Do we want to keep the inherent client-server model of HTTP? The thing to which the example link above refers is in the syntax above

	[ [s get:"p?q"] view:"f"]

in which the client-server architecturally embedded. If we looked at it without the client-server distinction then we would just see

	[ ob view:f]

where the implementation of ob could be anywhere. In this model if the object is determined (by some name service) to happen to be on a remote server s, then we have to ask s the whole question:

	[ s view:"ob#f"]

This allows s to return the object ob and view identifier f, or to return an object which encompasses only the view but not all of "ob", or to return an object ob2 which is equivalent in some way to ob, with a view specifier f2 which is the equiavlent (for ob2) of f (for ob). This gets us around the problems such as conversion of an id in an SGML document into a byte rnge in the equivalent text file, or of conversion of a byte range in an original text version to a byte range in an updated version of a living document.

What to save

An essential requirement for system integrity should be repeatability of dereferencing operation. For a user, that means that if he or she is looking at an upside down slowly rotating penguin, and makes a link to it, following that link later will lead to a slowly rotating penguin: not a fixed penguin, or a penguin which can't be displayed until one has input a rotation speed.

This means that the "identifier" for this must contain all the function parameters if the penguin is a function. The problem with that is that these things are very cumbersome in URL-encoded form. Hence Larry Masinter's proposal for multipart/form encoding of form parameters. Another more compact proposal is LISP-like syntax.

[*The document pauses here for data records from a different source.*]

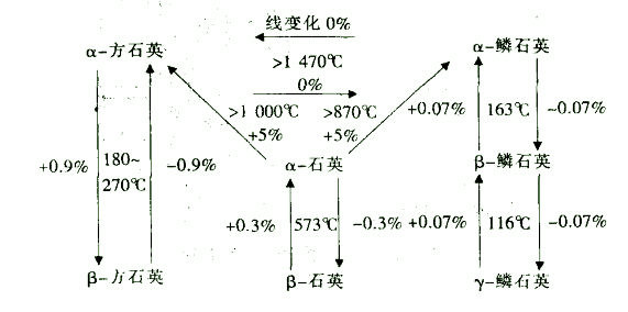 以提高隔熱硅磚的性能(特別是高溫下其各種晶型轉變)為原則,應用與隔熱硅磚的生產。SiO2以一些晶體形式和非晶形態存在。通常可辨別SiO28個晶型。不同晶型的性能和SiO2轉變所引起的體積變化,以及這些轉變發生速度對于生產是很重要的。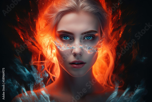 Ice Queen Woman Portrait with a Fiery Gaze, generative ai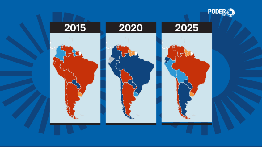Ao analisar o mapa político sul-americano na última década, observa-se um avanço significativo da direita entre 2015 e 2020, quando subiu de três para seis países sob seu controle, seguido de uma retomada da esquerda.

A sensible proposal then might be to have two alternative syntaxes for which url encodeing would be the defualt for transmission in an HTTP GET, and where the other syntax is usable where readability is desired.

	(query "http://www.w3.org/foo" "something on animals" )
	http://www.w3.org/foo?something+on+animals

	(map "http://s/map" ( 23 48 ) )
	http://s/map?x=23;y=48

	(form "http://s/foo"  (
	    ( name "John Doe" )
	    ( address "1, ridgewater street" )
	    ( state "TX" )
	))
	http://s/foo?name=John+doe;address=1%2c+ridgewater+street;state=TX

	(view "http://www.w3.org/" "Software" )
	http://www.w3.org/#Software

	(view "http://s/foo" ( (r 30.0) (theta 30) (phi 0)) )

This is simply for convenience. It gets over the inconvenience of URL encoding.